Dr. Robert Bruce Darling was born in Johnson City, Tennessee on March 15, 1958. He received the B.S.E.E. (with highest honors), M.S.E.E., and Ph.D. degrees in Electrical Engineering from the Georgia Institute of Technology in 1980, 1982, and 1985, respectively.
He has held summer positions with Sperry-Univac, Bristol, Tennessee, and Texas Instruments, Johnson City, Tennessee, and from 1982 to 1983, he was with the physical Sciences Division of the Georgia Tech Research Institute, Atlanta, Georgia. In 1985, he joined the Department of Electrical Engineering, University of Washington, Seattle, as an Assistant Professor. He was promoted to Associate Professor in 1990 and to Full Professor in 1999. From 1995 to 1996, he was a Visiting Associate Professor at Stanford University, Stanford, CA. Currently he is also an Adjunct Professor of Bioengineering and Director of the Electrical Engineering Micro-Fabrication Laboratory and the Center for Applied Microtechnology. His research interests include electron device physics, device modeling, microfabrication, circuit design, optoelectronics, sensors, electrochemistry, and instrumentation electronics. Three small companies have been launched from technologies developed in his research group at the University of Washington.

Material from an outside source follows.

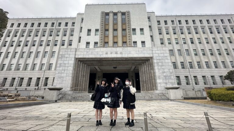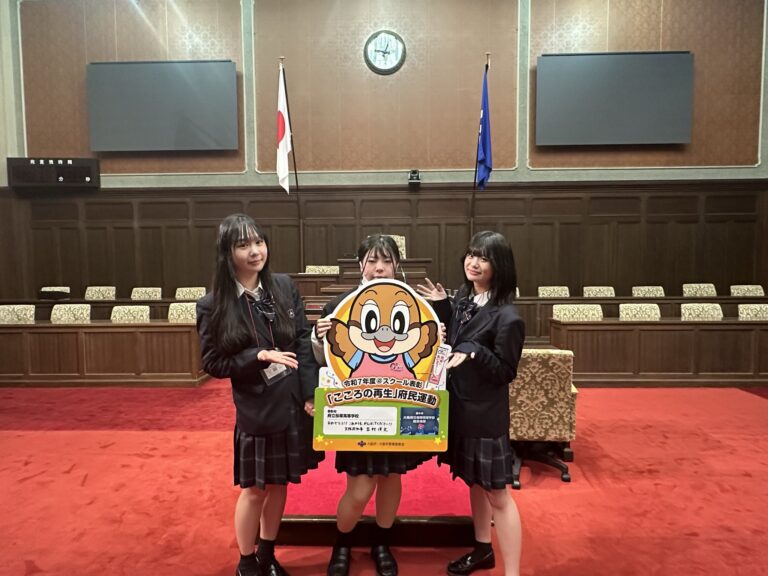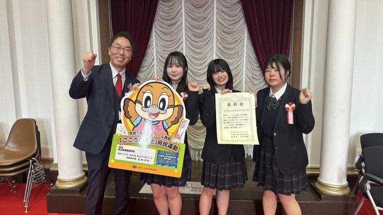 「ミャクミャクのうた」の幼稚園や小学校にまで広がる取り組みが評価され、この度、「こころの再生」府民運動@スクール表彰を受けました。本日、大阪府庁で行われた表彰式に部員3人が出席し、水野教育長より表彰状を授与していただきました。

Dr. Darling is a senior member of the Institute of Electrical and Electronic Engineers, a member of the American Physical Society, the American Vacuum Society, the Optical Society of America, and is a registered Professional Engineer in the state of Washington. He presently serves as a member of the Defense Sciences Research Council which advises the DSO and MTO offices of DARPA. Over winter and spring of 2003, he served as a forensic investigator for the space shuttle orbiter Columbia accident. Since September of 2003, he has been the Acting Chair of the Department of Electrical Engineering at the University of Washington.